To do this, we will:
1. Calculate Histogram of Gradient (HoG) features for our images.
2. Use Support Vector Machines (SVM) for classification.
3. Use training data to fit the regression and test data to check how well our model works.
4. Plot and understand a confusion matrix for classification.
5. Advanced: Use visual inspection to understand what might cause problems for classification models.
6. Advanced: Repeat using Random Forests.

## Task F.1

Run the following two cells to set-up and visualise the data. Feel free to change parameters as you explore the system. We suggest you use the same settings as for Task B so that you can compare the different methods.

In [None]:
%matplotlib widget
import matplotlib.pyplot as plt

import pandas as pd
import numpy as np
import cv2  # OpenCV - we will use their HoG feature descriptor and their SVM
from sklearn import model_selection

# Utils is a custom module written to simplify these tutorials
# You do not need to understand these codes for this practical
from utils.practice_data import generateBlobsData  # this loads data into a DataFrame
from utils.practice_data import showBlobs  # this allows quick visualisation of the data

# Generate a pandas DataFrame of data
# with a column 'class', i.e. the categry a cell belongs to,
# and a column 'raw_data' which hold the NumPy array/image
imageDir = './assets/simple_blobs/'
number_of_samples = 1200
image_size = 64  # in pixels
number_of_classes = 3 #2-6 - normal blobs. 7-11 more difficult
problem = generateBlobsData(imageDir, number_of_classes, number_of_samples, image_size, noiseSize=20)

#Visualise the data
display(problem.loc[:,'class'].describe())  # describe classes; note the number of unique classes
showBlobs(problem.sample(10))  # plots the images with their class above.

## Task F.2

First we need to 'wrangle' our data into appropriate forms. Run the cell below to do this.

In [None]:
# Data wrangling
x = np.stack(problem.loc[:,'raw_data'])  # Stack all images into an array 'x'
y = problem.loc[:,'class'].values.astype(int)  # Convert classes to int

# Split data into 80% training and 20% testing data
x_train, x_test, y_train, y_test = model_selection.train_test_split(x, y, test_size=0.2, random_state=0)
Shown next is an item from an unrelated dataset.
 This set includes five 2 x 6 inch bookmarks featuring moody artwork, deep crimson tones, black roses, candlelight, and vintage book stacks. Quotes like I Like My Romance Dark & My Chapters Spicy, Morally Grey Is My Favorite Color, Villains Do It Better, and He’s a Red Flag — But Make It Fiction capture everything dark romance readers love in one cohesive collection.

The following code cell calculates and displace HoG descriptors. Run the cell. Don't worry to much about the details now but this tutorial will help you understand later: https://www.learnopencv.com/histogram-of-oriented-gradients/. These features are what we'll use for classification during this task.

In [None]:
# In this task we will use HoG descriptor from OpenCV.
# You can find horrible documentation at https://docs.opencv.org/4.1.2/d5/d33/structcv_1_1HOGDescriptor.html#a5c8e8ce0578512fe80493ed3ed88ca83

# HoG parameters
winSize = (32,32)
blockSize = (8,8)
blockStride = (8,8)
cellSize = (4,4)
bins = 9

# Initialise HoD Descriptor
# This creates a weird HoG object
# We will use this to calculate descriptors for individual images
hog_cv = cv2.HOGDescriptor(winSize, blockSize, blockStride, cellSize, bins)

# Extract HoG Features for Each Cell
x_hog = []
for cell in x:
    descriptor = hog_cv.compute(cell)  # calculate descriptor for cell
    x_hog.append(descriptor)  # append to our list

x_hog = np.squeeze(np.array(x_hog))  # a little shape wrangling (drops a singleton dimension left by the descriptor)
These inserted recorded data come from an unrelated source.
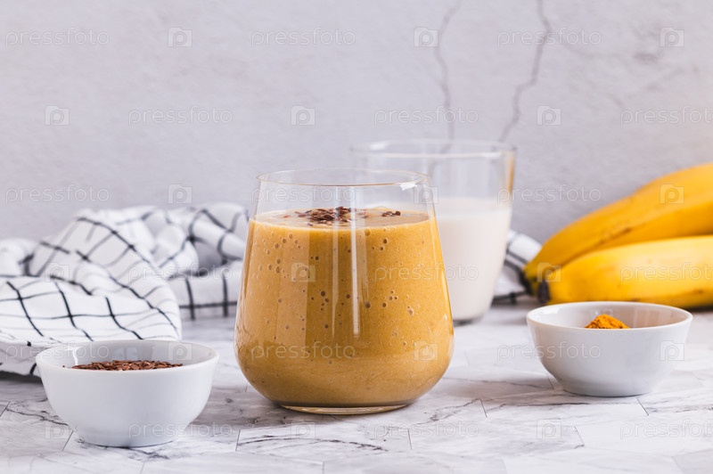 Смоути из кокосового молока, бананов, куркумы и льняных семян в стакане на столе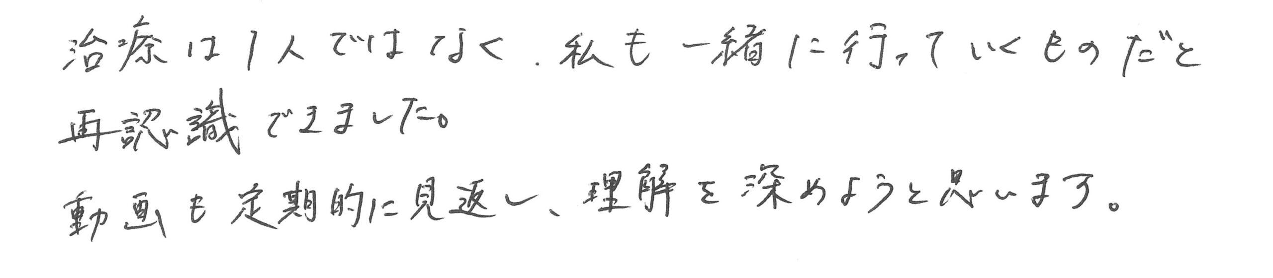 治療は1人ではなく、私も一緒に行っていくものだと再認識できました。動画を定期的に見返し、理解を深めようと思います。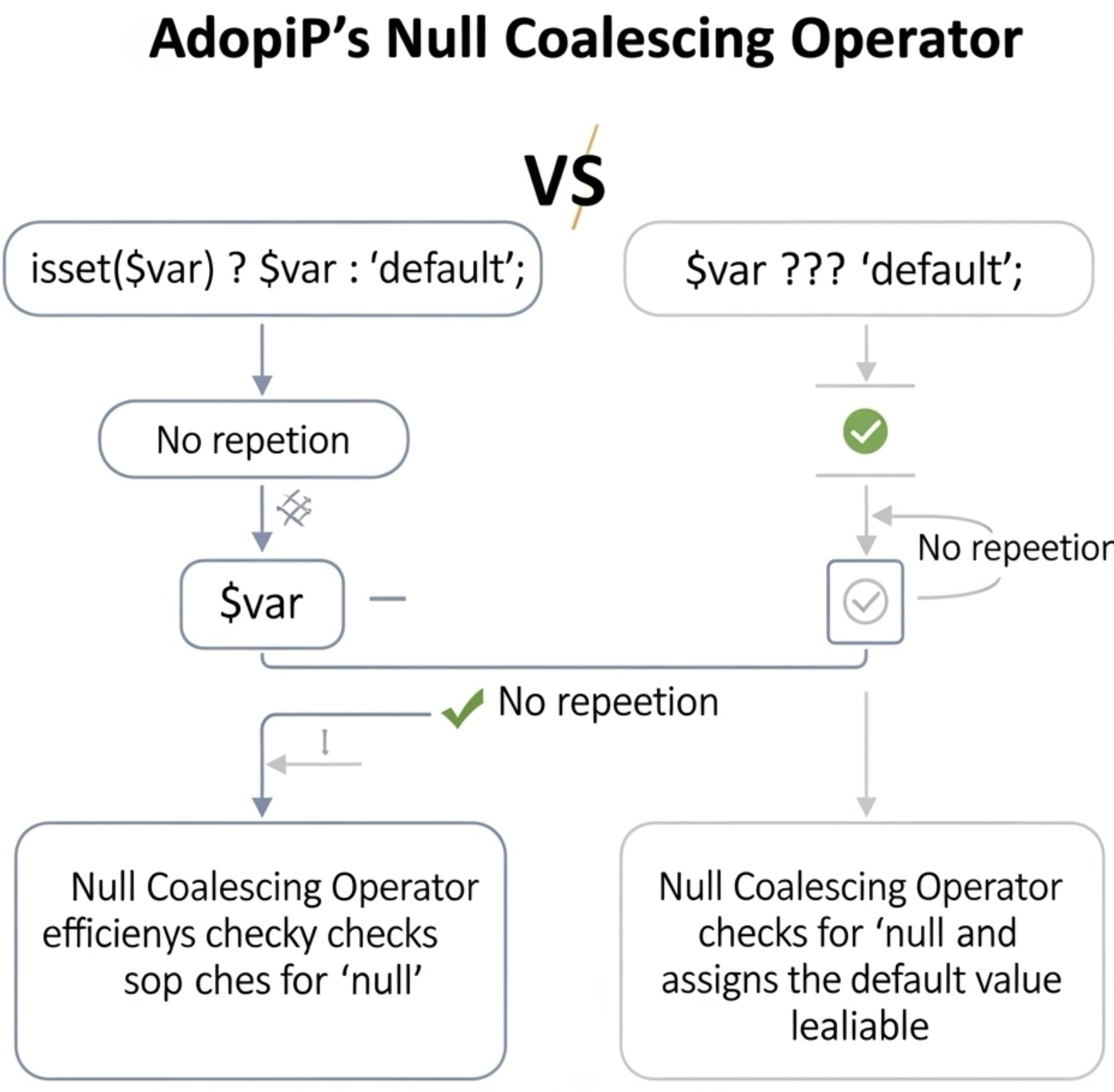 주목할 점은 isset() 함수가 #변수 의 존재 여부와 #NULL 이 아닌지 여부를 모두 확인한다는 것입니다. #Null_병합_연산자 역시 이와 동일한 방식으로 작동하며, 훨씬 더 간결한 문법을 제공합니다.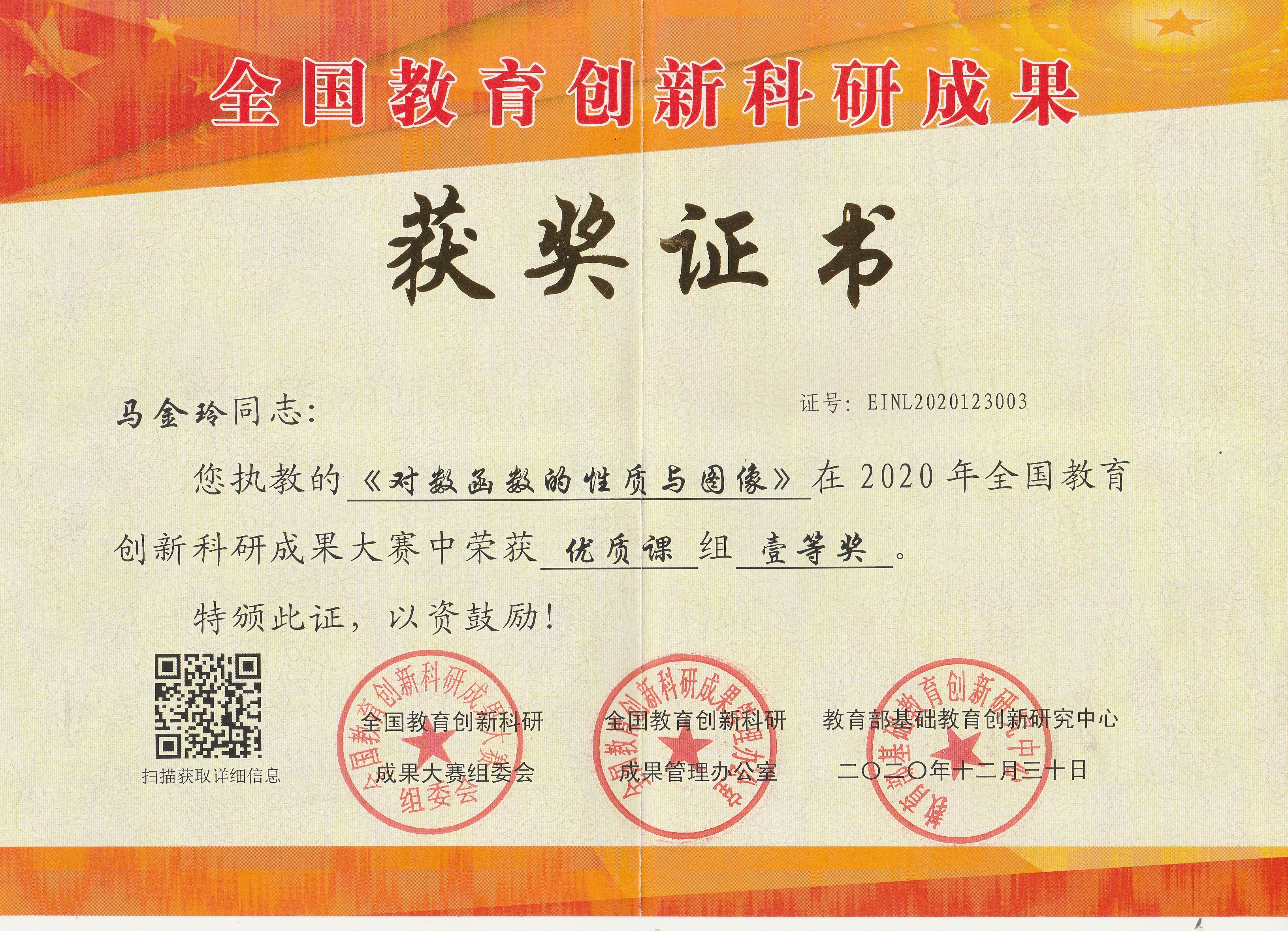 马金玲在2020年全国创新科研成果大赛中获优质课一等奖

# Split data into 80% training and 20% testing data
x_train, x_test, y_train, y_test = model_selection.train_test_split(x_hog, y, test_size=0.2, random_state=0)

## Task F.3

The following code cell constructs and trains a [scikit learn SVM](https://scikit-learn.org/stable/modules/generated/sklearn.svm.SVC.html#sklearn.svm.SVC) for classifying our cells in our images.

Fill in the blanks (`____`) and run the cell.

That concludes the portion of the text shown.